Dale Andrade - Navy Seals: The Vietnam Years (review) - Journal of Military History 67:1 The Journal of Military History 67.1 (2003) 303-304

Navy Seals: The Vietnam Years. By Kevin Dockery. New York: Penguin Putnam, 2002. ISBN 0-425-18348-3. Maps. Photographs. Tables. Notes. Index. Pp. x, 339. $22.95.

This is the second installment in what appears to be a series of histories on U.S. Navy special warfare, from its beginnings through the present. The first volume, Navy SEALs: A History of the Early Years, was published in 2001 and took the story from the Underwater Demolition Teams (UDT) during World War II through the creation of the SEALs in the early 1960s. As with the first book, this one is really largely an oral history, although here Dockery makes greater use of documents, after-action reports, and other documents to highlight SEAL involvement in Vietnam.

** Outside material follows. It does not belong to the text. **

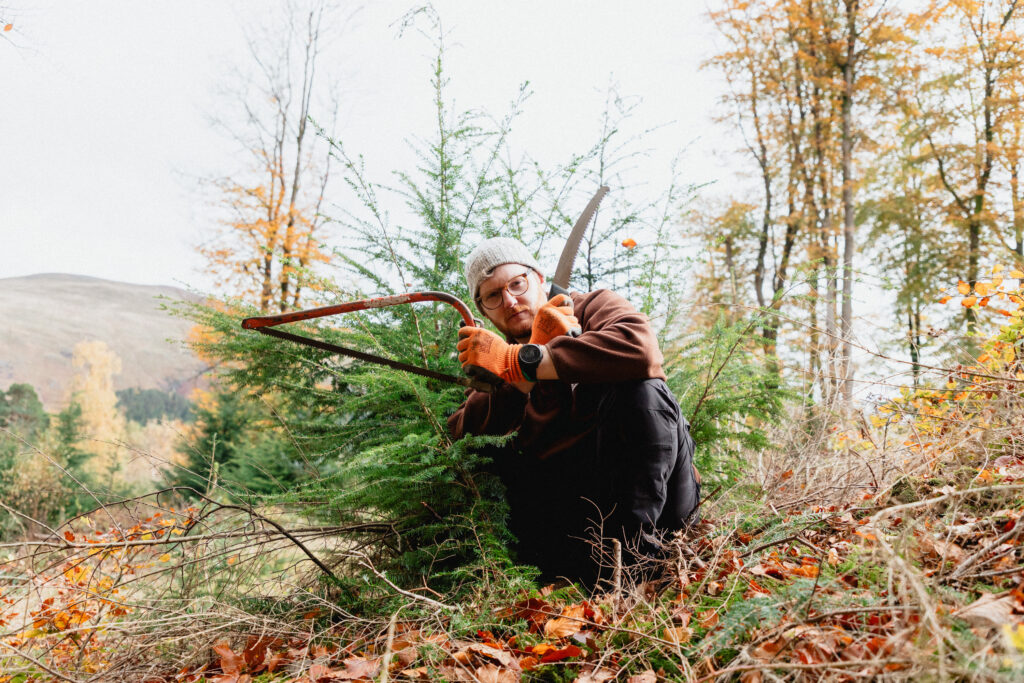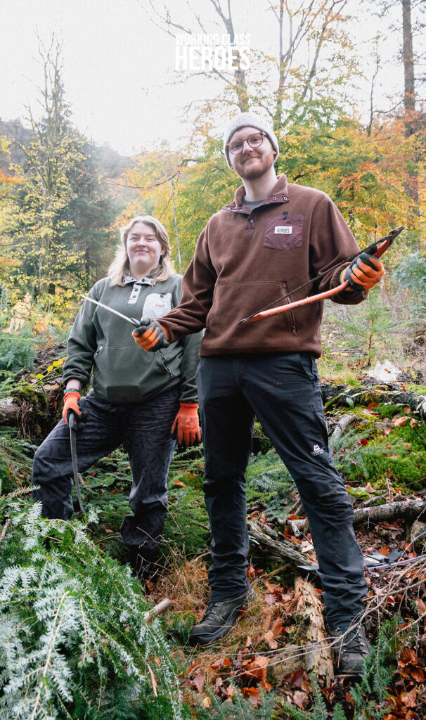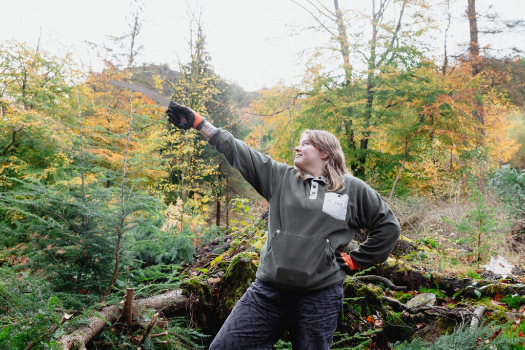 The purpose of our visit today was to help clear these trees while they’re in their early stages to allow our native species to get away and make this area of woodland easier to manage in the long term. With this area being a previous plantation it was a bit treacherous underfoot so care was needed to make sure we didn’t end up on the floor alongside the trees.

Navy SEALs received their baptism of fire in Vietnam, and almost six years of combat in the Mekong Delta became the crucible that shaped their capabilities through the postwar decade. The first SEAL platoons deployed to Vietnam in 1966 (other small groups of SEALs had been in Vietnam since 1962) and reached a peak strength in 1968 of about two hundred men. Most SEALs fought as platoons throughout the delta and in the Rung Sat Special Zone southeast of Saigon, but some served as advisers with the Phoenix program (designed to locate and "neutralize" the Viet Cong clandestine political infrastructure) and in the highly classified Studies and Observation Group (SOG) on cross-border operations into Cambodia and Laos. Forty-three SEALs were killed in action in Vietnam, but none were captured or went missing.

Dockery attempts to cover all this ground, managing to touch on most of the SEAL missions in Vietnam. There are two particularly interesting chapters here—one on SEAL operations in support of the Phoenix program and another on Operation THUNDERHEAD, an ambitious plan to insert SEAL teams into North Vietnam aboard a submarine in an attempt to rescue American prisoners of war. In the end, however, the book provides only a narrow glimpse into the history of the SEALs in Vietnam. [End Page 303]

The interview format, as employed by Dockery, simply does not work. He tries to sort the individual accounts so that they fit within topical chapters, such as deployment to Vietnam, the 1968 Tet Offensive, and the Phoenix Program, but a lack of clearheaded editing defeats him. The interviews, which are interesting and full of useful detail, are too long and often repetitive, and most of them dwell excessively on SEAL basic training, known as BUD/S (Basic Underwater Demolition/SEAL). This training is the glue that holds SEALs together in the brotherhood of Special Operations warriors, and it is grueling, but the stories offer little to help the reader understand the SEAL experience in Vietnam. One or two examples of BUD/S training would have sufficed. Other interviews would have been more useful to the reader if they were carefully targeted to specific topics.

In the end, Dockery allows the interviews to ramble on, sometimes with only a tenuous connection to the subject of the chapter. In addition, nowhere in the book is there an attempt to analyze SEAL performance in Vietnam. What impact did they have on the enemy? Aside from a few platitudes about how the Viet Cong feared these "devils with green faces," there is no new data on the results of SEAL operations or an attempt to understand their place within the greater theater of combat operations in the Mekong Delta.

Readers interested in the history of Navy SEALs will probably find this book useful, but those hoping for new details and analysis of SEAL operations in Vietnam will be disappointed.